女はどうか。男の別れの言葉を、予定調和のようにさらりとかわします。
「おあいこ」と言っているけれど、ホントは「お互いさま」と言い放ちたいのかも知れません。あなたとわたしはお互いさま、愛しているふりをしていたのだと、悲しむことなくさらりと言ってのけるのです。
なんだかとても冷めた関係ですね・・・・・・別れる時なんてそんなものなのかもしれません。
恋愛関係にあるとき、人は相手も自分のことを愛しているものだと錯覚しがちなのかも。本当のところ、相手の気持ちはわかりません。むしろ相手の気持ちなど、考えもしないものなのかも知れません。
『おあいこ』の中で男は女を責めるでもなく、ただ淡々と愛しているふりをしていたことを語るのですが、これは女から男に対しても、同じように語るだけかも知れません。
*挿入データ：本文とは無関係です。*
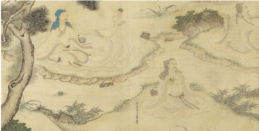
明 李宗謨 蘭亭修禊圖(局部)

此作描繪二十種明代後期文人的閒雅生活，每段加上點題數語。透過圖像與文字，可感受到不少與文震亨類似的生活講究。

あなただって、そうだったでしょ?おあいこよね、と。「いやだ!別れたくない!」なんて、別れを認めたくなくて泣きわめいたり、追いすがったりしないのです。現代人は別れもかっこいい。
とてもスマートですけれど、そんなものなのかな?恋愛って。クールに別れを切り出し、別れを受け入れるという点で、この楽曲が「失恋ソングの新定番」と言われるのかもしれませんね。